Linux Kernel protocol stack socket query cache routing mechanism, protocol stack socket

Source: Internet
Author: User

Linux Kernel protocol stack socket query cache routing mechanism, protocol stack socket
Is it faster to query the route table? Or is it faster to query the socket hash table? This is not the root of the problem. The root cause of the problem is how to use the two effectively, so that the two can become partners rather than competitors. What's going on?
We know that if a data packet is to arrive locally, it will go through two lookup processes (for the time being, conntrack is not considered): IP Layer Lookup routing and Transport Layer Lookup socket. How to merge the two.
The Linux kernel protocol stack adopts a method: Add a dst field to the socket as the cache route method. skb first searches for the socket before finding the route, set the cache dst to skb. When you look for a route, you will find that there is dst, saving the route search process.
The problem is, when will the dst field of the socket be set? Of course, it was set when "the first skb related to the socket" arrived. Undoubtedly, even if the first skb finds the socket, dst on the socket is also NULL at this time, the route table will be searched honestly. If it is found, the route item will be set to the dst field of the socket.
This feature is called ip_early_demux in Linux. In the kernel documentation, it is described as follows:
Ip_early_demux-BOOLEAN Optimize input packet processing down to one demux
Certain kinds of local sockets. Currently we only do this
For established TCP sockets.
It may add an additional cost for pure routing workloads that
Reduces overall throughput, in such case you shoshould disable it.
Default: 1
For forward forwarding, this feature will inevitably reduce performance, but I don't want to talk about this obvious problem. I want to talk about two points:
1. Hierarchical cache Logic
We know that route lookup is a "best effort" Multi-to-one matching process. skb and route entry do not have a exactly one-to-one correspondence relationship. Therefore, the socket cannot be cached in the route entry, however, the routing entry can be cached in the socket, because the socket and skb have a one-to-one correspondence relationship (I am not talking about TCP listen socket ..), similarly, I can cache the socket in the route cache, because the routing cache and skb are also one-to-one mappings.
However, the Linux kernel still removes the support of the route cache, but this does not matter, as long as you know one thing is enough: the exact matching items corresponding to one can be cached more loose than one matching item. If you move your eyes to conntrack, you will know how to do it. I used to cache the route entry into conntrack. According to this logic, it is reasonable. Likewise, the socket can also be cached in conntrack, which has the match and target related to iptables.
2. automatic or manual
Since Linux has the ip_early_demux configuration parameter, the problem is when to enable it and when to disable it. This is especially difficult to answer when you do not know how many packets arrive locally and how many packets are forward. In this case, do you believe that the Administrator's non-zero configuration is 1, or do you want the system to dynamically adapt?
How to collect statistics is particularly important. In typical cases, if more than 60% of the packages arrive locally, enable them, and vice versa. Ip_early_demux configuration parameter as a global parameter is not bad, because if not, there will be another problem, that is, how to determine whether a package needs early_demux... for non-seven-layer border devices, traffic is classified into management traffic and data traffic. For the former, the traffic end point is local, while for the latter, the local machine only performs forward. If we can efficiently classify packets in a plane in advance, the configuration of two ip_early_demux servers will be better. for out-of-band management, Linux nsnamespace can perform this task well.

Contact Us

The content source of this page is from Internet, which doesn't represent Alibaba Cloud's opinion; products and services mentioned on that page don't have any relationship with Alibaba Cloud. If the content of the page makes you feel confusing, please write us an email, we will handle the problem within 5 days after receiving your email.

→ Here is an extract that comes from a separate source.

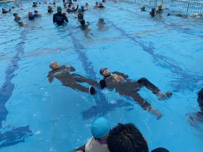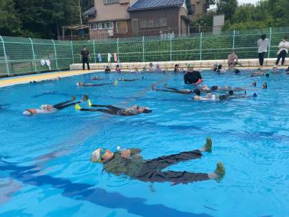 無事に行うことができました。体育館で講義を聞いた後、実際にプールで講習を受けました。ペットボトルを使って上手にぷかぷかと浮いていました。準備をしてくださり、ありがとうございました。

If you find any instances of plagiarism from the community, please send an email to: info-contact@alibabacloud.com and provide relevant evidence. A staff member will contact you within 5 working days.

A Free Trial That Lets You Build Big!

Start building with 50+ products and up to 12 months usage for Elastic Compute Service

  • Sales Support

    1 on 1 presale consultation

  • After-Sales Support

    24/7 Technical Support 6 Free Tickets per Quarter Faster Response

  • Alibaba Cloud offers highly flexible support services tailored to meet your exact needs.